### Given information
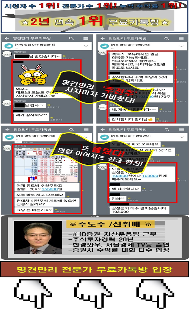 시름시름 내려가만 가던 내 계좌 무료카톡방을 만나고 달라 졌다. 전문가의 장중 실시간 종목 분석, 추천주 공개까지! 35만 명의 투자자가 선택한 2년 연속 업계 1위의 전문가 카톡방을 만난 뒤 계좌가 복구 됐다. 주식에 대한 모든 정보 무료카톡방에서 확인해보자. 아직 입장을 하니 않았다면 서둘러 입장해보자.
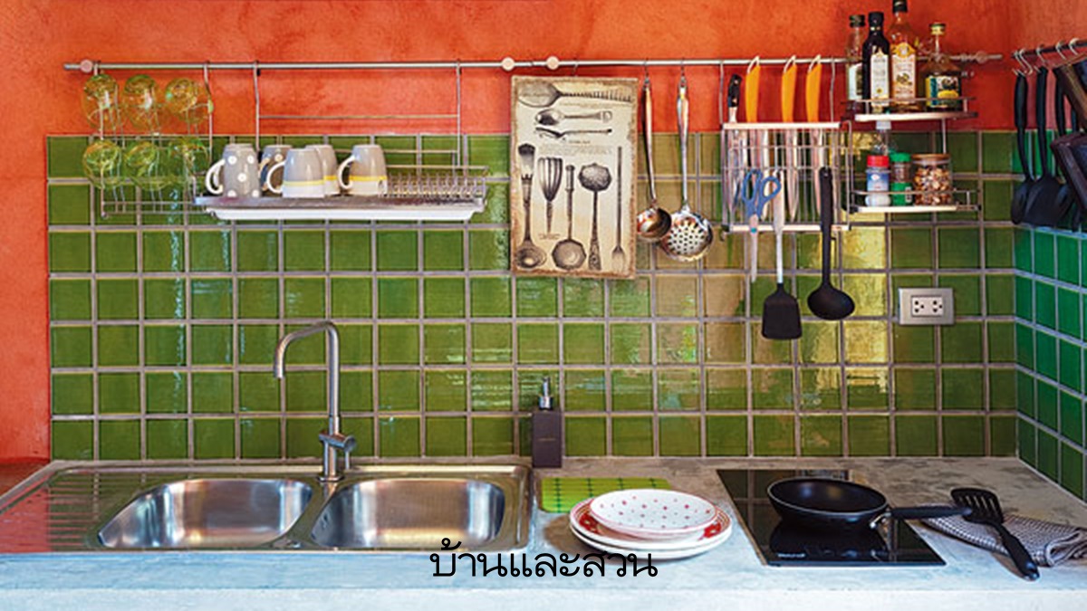 ผนังห้องครัวสีสันสดใส ผนังสีส้มนี้ถูกเติมแต่งด้วยกระเบื้องสีเขียวทำให้ดูมีชีวิตชีวา ด้วยการตัดกันระหว่างสีโทนร้อนและโทนเย็น เพิ่มเติมด้วยลังหวายเป็นที่เก็บของแบบลอยตัว สะดวกต่อการเคลื่อนย้ายได้ตามใจ
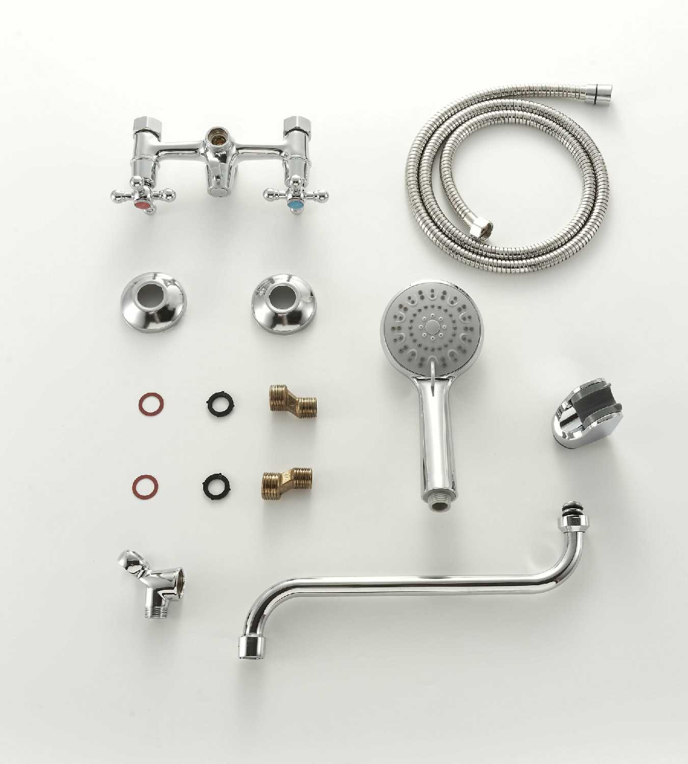 | Комплектация : | гусак, держатель лейки, дивертор, излив для набора воды, лейка, набор эксцентриков, настенный держатель, отражатель, переключатель потоков, ручной душ, смеситель, шланг |
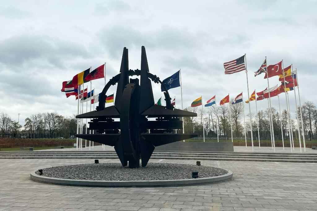 这是2022年4月6日在比利时布鲁塞尔拍摄的北约总部的雕塑与旗帜。新华社记者郑焕松摄

### Instructions for the task
Repeat the material exactly, without images.

### Exercise solution
 시름시름 내려가만 가던 내 계좌 무료카톡방을 만나고 달라 졌다. 전문가의 장중 실시간 종목 분석, 추천주 공개까지! 35만 명의 투자자가 선택한 2년 연속 업계 1위의 전문가 카톡방을 만난 뒤 계좌가 복구 됐다. 주식에 대한 모든 정보 무료카톡방에서 확인해보자. 아직 입장을 하니 않았다면 서둘러 입장해보자.
 ผนังห้องครัวสีสันสดใส ผนังสีส้มนี้ถูกเติมแต่งด้วยกระเบื้องสีเขียวทำให้ดูมีชีวิตชีวา ด้วยการตัดกันระหว่างสีโทนร้อนและโทนเย็น เพิ่มเติมด้วยลังหวายเป็นที่เก็บของแบบลอยตัว สะดวกต่อการเคลื่อนย้ายได้ตามใจ
 | Комплектация : | гусак, держатель лейки, дивертор, излив для набора воды, лейка, набор эксцентриков, настенный держатель, отражатель, переключатель потоков, ручной душ, смеситель, шланг |
 这是2022年4月6日在比利时布鲁塞尔拍摄的北约总部的雕塑与旗帜。新华社记者郑焕松摄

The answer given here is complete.